§ **Assignment**:
In the entries below, find the line with "Im Rahmen der" and the line with "Y es una pena, porque". Print those two and everything between them exactly, and nothing else.

§ **Recorded information**:
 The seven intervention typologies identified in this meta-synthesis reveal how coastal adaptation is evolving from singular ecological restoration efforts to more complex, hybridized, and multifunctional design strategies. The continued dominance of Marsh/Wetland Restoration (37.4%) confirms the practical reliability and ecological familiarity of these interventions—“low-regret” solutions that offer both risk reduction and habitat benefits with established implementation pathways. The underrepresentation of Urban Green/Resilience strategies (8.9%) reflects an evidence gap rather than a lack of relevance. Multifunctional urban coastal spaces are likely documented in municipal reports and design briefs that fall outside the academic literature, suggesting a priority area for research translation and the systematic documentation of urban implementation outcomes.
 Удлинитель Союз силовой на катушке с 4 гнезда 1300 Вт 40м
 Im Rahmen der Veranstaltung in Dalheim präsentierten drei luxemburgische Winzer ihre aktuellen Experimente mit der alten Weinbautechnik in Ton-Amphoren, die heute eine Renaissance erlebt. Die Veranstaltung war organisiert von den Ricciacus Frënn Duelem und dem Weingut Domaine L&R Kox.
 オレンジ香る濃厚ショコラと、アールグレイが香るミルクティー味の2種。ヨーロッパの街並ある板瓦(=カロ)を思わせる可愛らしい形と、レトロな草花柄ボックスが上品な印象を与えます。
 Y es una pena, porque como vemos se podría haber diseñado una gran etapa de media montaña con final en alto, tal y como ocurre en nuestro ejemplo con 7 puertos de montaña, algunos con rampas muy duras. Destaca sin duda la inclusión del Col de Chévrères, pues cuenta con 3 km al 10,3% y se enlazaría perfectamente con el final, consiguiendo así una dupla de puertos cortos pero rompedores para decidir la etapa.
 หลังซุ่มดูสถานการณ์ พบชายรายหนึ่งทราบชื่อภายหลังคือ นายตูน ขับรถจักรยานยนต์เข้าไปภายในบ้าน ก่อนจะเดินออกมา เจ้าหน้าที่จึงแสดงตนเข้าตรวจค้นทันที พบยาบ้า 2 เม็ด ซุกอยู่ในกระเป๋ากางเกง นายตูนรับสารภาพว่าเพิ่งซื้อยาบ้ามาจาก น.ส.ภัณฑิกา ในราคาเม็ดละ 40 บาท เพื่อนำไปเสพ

--

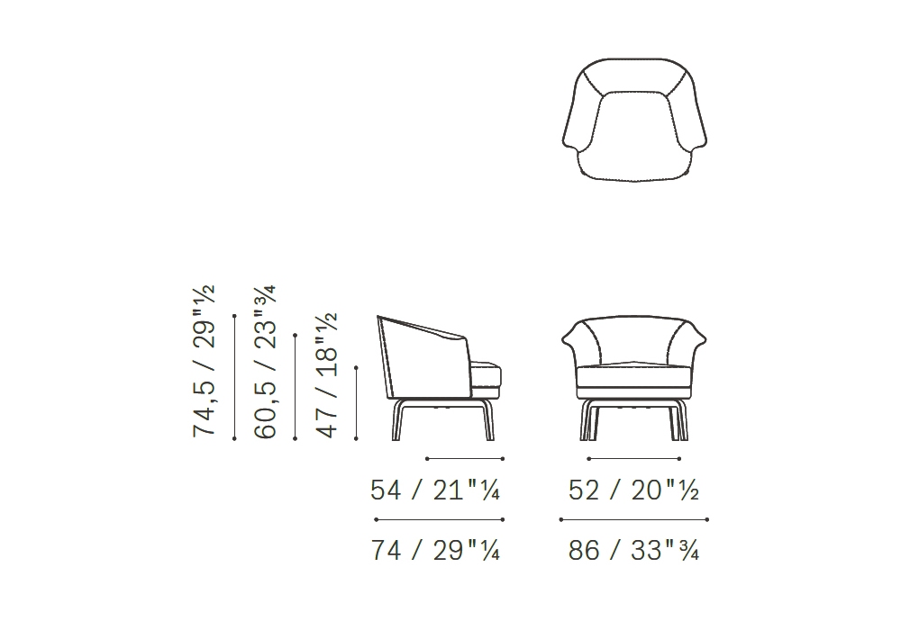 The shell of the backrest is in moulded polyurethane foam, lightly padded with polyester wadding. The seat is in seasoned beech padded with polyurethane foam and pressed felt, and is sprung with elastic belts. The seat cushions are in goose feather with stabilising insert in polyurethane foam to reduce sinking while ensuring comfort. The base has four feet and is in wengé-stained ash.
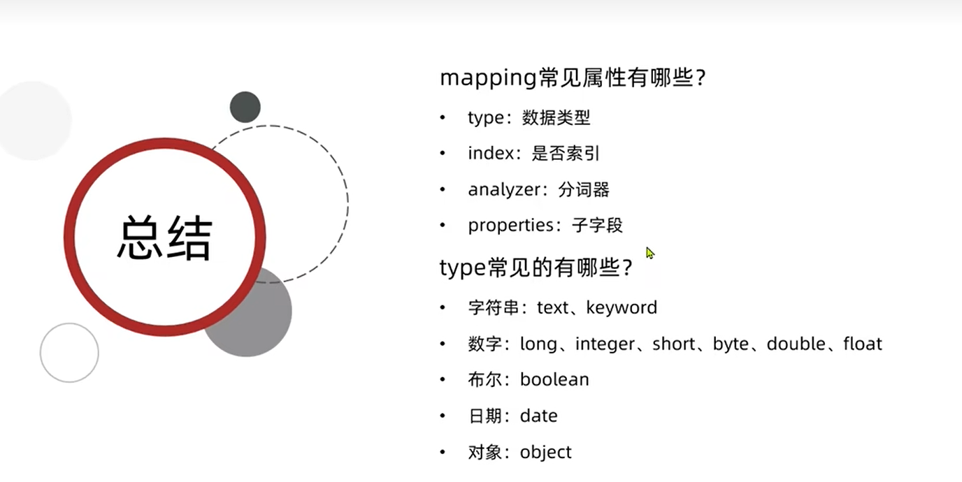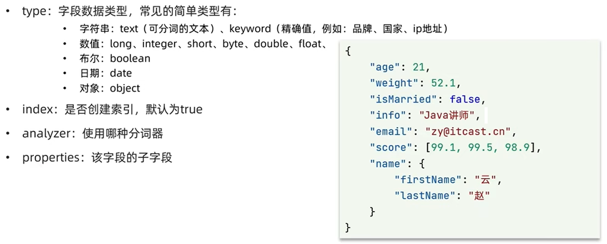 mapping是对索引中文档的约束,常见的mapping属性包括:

§ **Answer to this exercise**:
 Im Rahmen der Veranstaltung in Dalheim präsentierten drei luxemburgische Winzer ihre aktuellen Experimente mit der alten Weinbautechnik in Ton-Amphoren, die heute eine Renaissance erlebt. Die Veranstaltung war organisiert von den Ricciacus Frënn Duelem und dem Weingut Domaine L&R Kox.
 オレンジ香る濃厚ショコラと、アールグレイが香るミルクティー味の2種。ヨーロッパの街並ある板瓦(=カロ)を思わせる可愛らしい形と、レトロな草花柄ボックスが上品な印象を与えます。
 Y es una pena, porque como vemos se podría haber diseñado una gran etapa de media montaña con final en alto, tal y como ocurre en nuestro ejemplo con 7 puertos de montaña, algunos con rampas muy duras. Destaca sin duda la inclusión del Col de Chévrères, pues cuenta con 3 km al 10,3% y se enlazaría perfectamente con el final, consiguiendo así una dupla de puertos cortos pero rompedores para decidir la etapa.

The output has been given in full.